> **Exercise requirements**
Beginning with the line that holds "为贯彻落实生态环境部《重污染" and finishing with the line that holds "6月16日下午,327队开展", repeat the listing exactly, leaving every picture out.

((

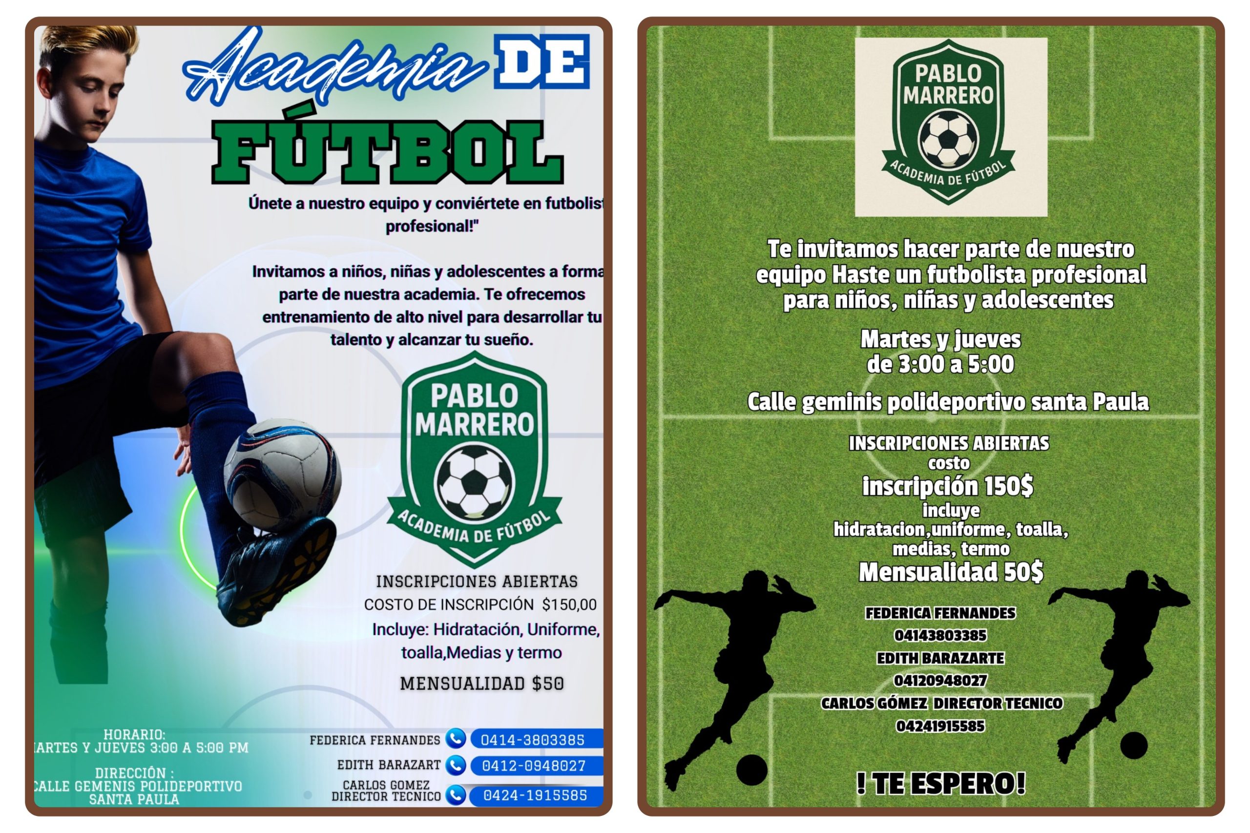 La Academia cuenta con el apoyo de los profesores Álvaro Flores, ex jugador de futbol profesional con el Deportivo Italia, y la profesora Edith Barazarte.
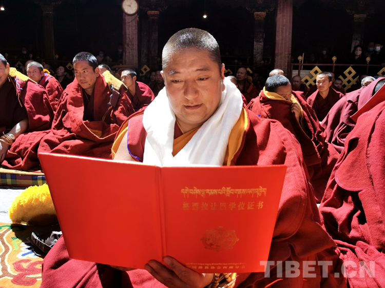 活動(dòng)現(xiàn)場,西藏自治區(qū)人民政府副秘書長馬立柱代表西藏自治區(qū)人民政府向獲得學(xué)位的考僧贈(zèng)送五彩緞、干果、袈裟和禮金;西藏自治區(qū)宗教局副局長達(dá)娃窮達(dá)向參加答辯活動(dòng)的僧人發(fā)放布施;中國佛教協(xié)會(huì)西藏分會(huì)常務(wù)副會(huì)長、西藏佛學(xué)院院長珠康?土登克珠致賀詞,并代表班禪額爾德尼?確吉杰布會(huì)長向獲得學(xué)位的考僧獻(xiàn)哈達(dá)、頒發(fā)學(xué)位證書。
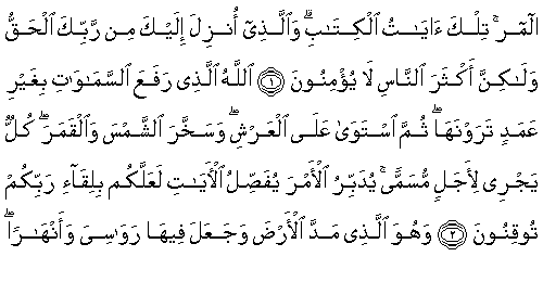 1.Elif, Lam, Mim, Ra. Bunlar Kitab'ın ayetleridir. Ve sana Rabbinden indirilen haktır. Ancak insanların çoğu iman etmezler. 2.Allah O'dur ki, gökleri dayanak olmaksızın yükseltti; onları görmektesiniz. Sonra arşa istiva etti ve güneş ile aya boyun eğdirdi, her biri adı konulmuş bir süreye kadar akıp gitmektedirler. Her işi evirip düzenler, ayetleri birer birer açıklar. Umulur ki, Rabbinize kavuşacağınıza kesin bilgiyle inanırsınız. |
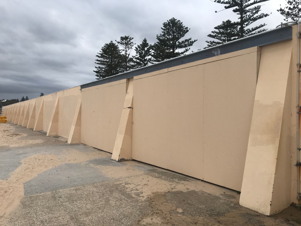 The panel, on the eastern side next to the showers and lifeguard facilities, was secured last season with a reinforcing beam and structural plywood as a precaution after cracks appeared in the brick panel’s render. It’s believed the cracks are the result of movement of sand under the concourse, which has reduced its structural integrity.
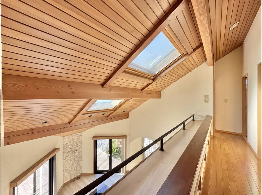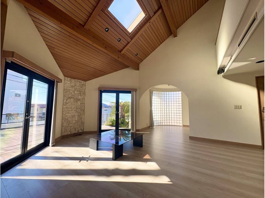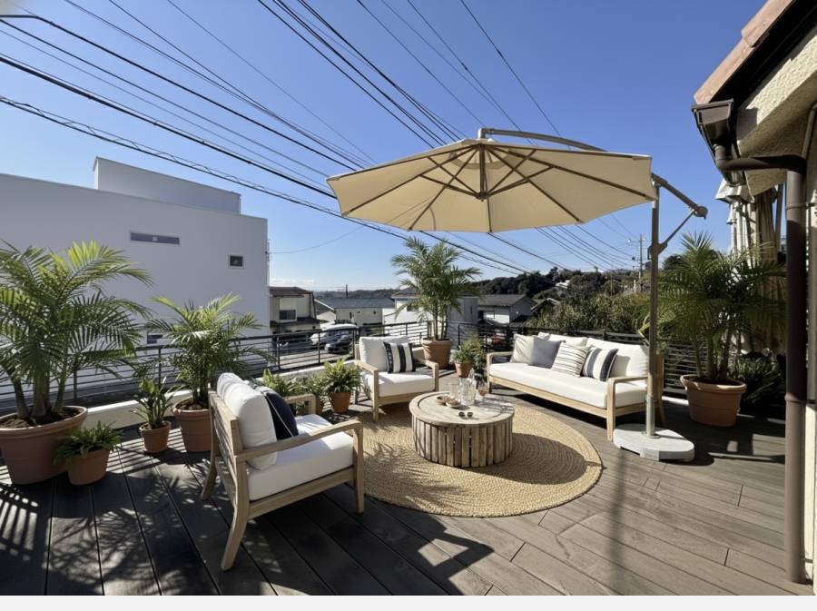 トップライトから陽光が降り注ぐ吹き抜けのリビングや、海風を感じる広々としたウッドバルコニーが、日常をリゾートへと変えてくれます。
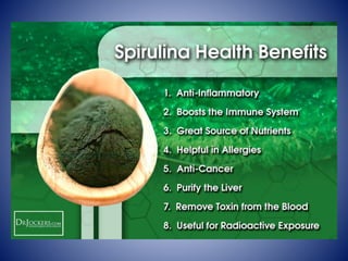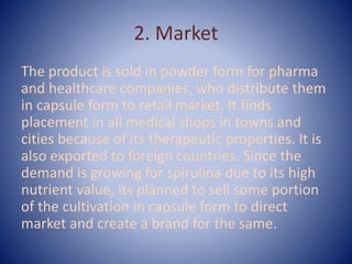 This document provides information on Anbu Farms, which cultivates Spirulina. Spirulina is a type of blue-green algae that is used as a health food and nutritional supplement. Anbu Farms produces 4000 kg of Spirulina powder per year through cultivation, harvesting, drying and processing. The Spirulina powder is packaged and sold to pharmaceutical companies and also exported.
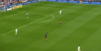 第35分钟梅西中场反抢成功,皇马后卫断下皮球后回传门将,皇马后场导球尝试转移,交给了回撤接应的拉斯-迪亚拉。此时法国人没有意识到他接球前,哈维已经启动,前场一对一断下了迪亚拉的脚下球,随即斜传禁区内助攻梅西破门得分。
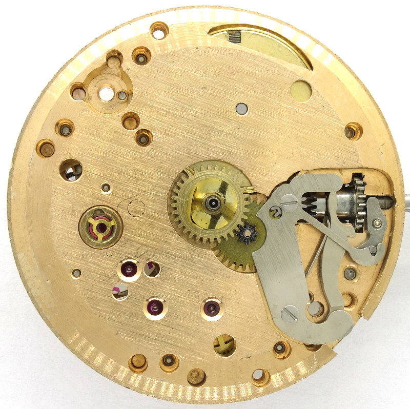 The third wheel simultaneously drives the seconds wheel and the central seconds pinion, which runs in a lowered bearing of the gear train bridge. A friction spring underneath ensures that it does not flutter or jump. This construction was patented by Junghans in 1952.
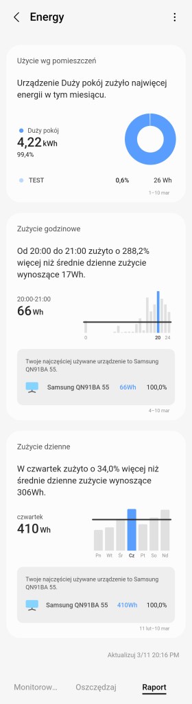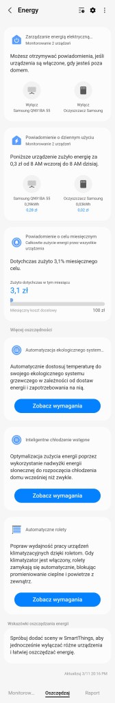 - [Aktualizacja 2]: Na początku roku 2023 naprawiono błąd z brakiem sczytywania danych o energii z telewizora Samsung QN91BA. Zaktualizowano layout usługi. Dodano nowe screeny z aplikacji SmartThings. Wersja Energy to 5.0.15.
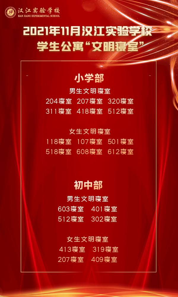 为创建团结和谐、积极向上、安全卫生的学习和生活环境,进一步加强我校对寝室、班级的管理和建设,汉江实验学校定期开展文明班级与文明寝室评比活动。
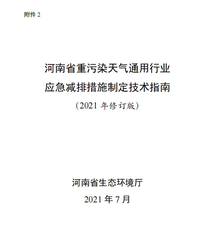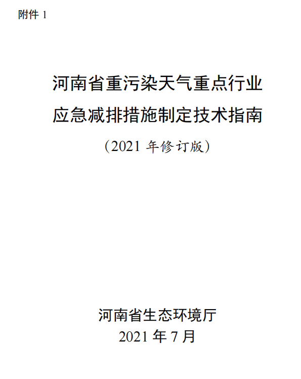 为贯彻落实生态环境部《重污染天气重点行业应急减排措施制定技术指南(2020年修订版)》要求,突出精准治污、科学治污、依法治污,积极应对重污染天气,提升环境精细化管理水平,优化营商环境,促进重点行业企业高质量发展,省生态环境厅组织有关科研单位编制了《河南省重污染重点行业应急减排措施制定技术指南(2021年修订版)》和《河南省重污染天气通用行业应急减排措施制定技术指南(2021年修订版)》,现印发你们,并提出以下要求,请一并抓好落实。
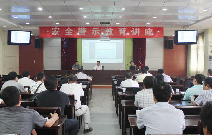 6月16日下午,327队开展了安全警示教育活动。赵宏队长出席活动并讲话。队邀请马鞍山市建筑管理处安全站总工程师、国家级建筑安全专家陈秀峰做专题讲座,活动由队安全探矿科科长宫六零主持。队属地建公司、岩土公司、工勘院、爆破公司等单位负责人和各项目部负责人、安全员参加会议。
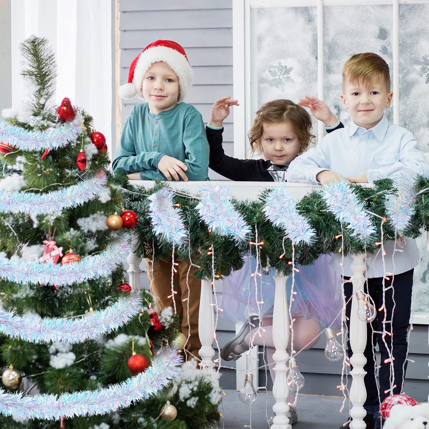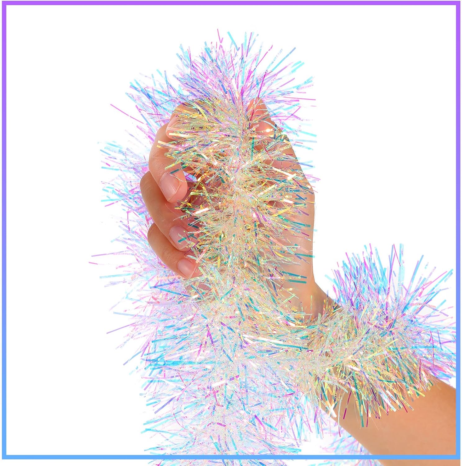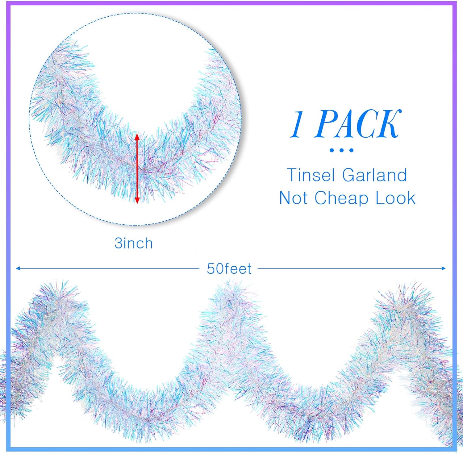 Package includes: 1 pack Christmas tinsel garland, 50 feet in length and 3 inch in width, with a beautiful soft and fluffy look Long enough to circle the big Christmas tree from head to toe Add festive atmosphere for your homeSuit for: the iridescent metallic hanging garland is suitable for Christmas, Year, wedding, birthday and any party or anniversary, you can put it anywhere you like, such as living room, bedroom, garden, hall, supermarket, etc.
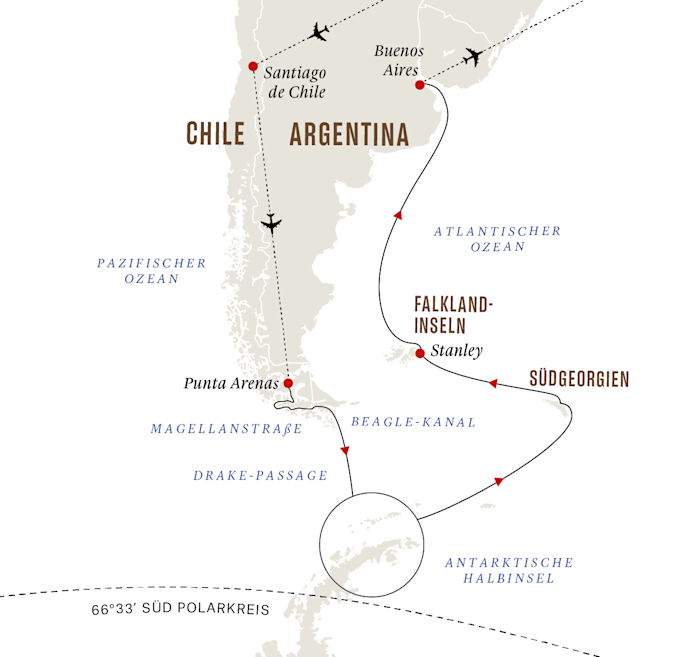 26-tägige Expedition in die Antarktis, nach Südgeorgien, zu den Falkland-Inseln und nach Buenos Aires, beginnend in Punta Arenas in Patagonien
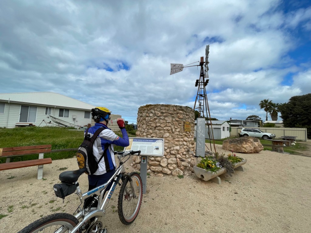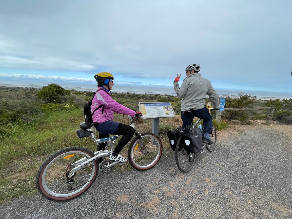 In preparing for the ride we have been to this coffee shop in Ardrossan a few times… and it’s pretty good. After lunch Vivienne and I push on to Rogues Point. As you might of expected it rained… that annoying light type of rain which is damp enough to annoy you but not too heavy.

))

> **Response to this exercise**
 为贯彻落实生态环境部《重污染天气重点行业应急减排措施制定技术指南(2020年修订版)》要求,突出精准治污、科学治污、依法治污,积极应对重污染天气,提升环境精细化管理水平,优化营商环境,促进重点行业企业高质量发展,省生态环境厅组织有关科研单位编制了《河南省重污染重点行业应急减排措施制定技术指南(2021年修订版)》和《河南省重污染天气通用行业应急减排措施制定技术指南(2021年修订版)》,现印发你们,并提出以下要求,请一并抓好落实。
 6月16日下午,327队开展了安全警示教育活动。赵宏队长出席活动并讲话。队邀请马鞍山市建筑管理处安全站总工程师、国家级建筑安全专家陈秀峰做专题讲座,活动由队安全探矿科科长宫六零主持。队属地建公司、岩土公司、工勘院、爆破公司等单位负责人和各项目部负责人、安全员参加会议。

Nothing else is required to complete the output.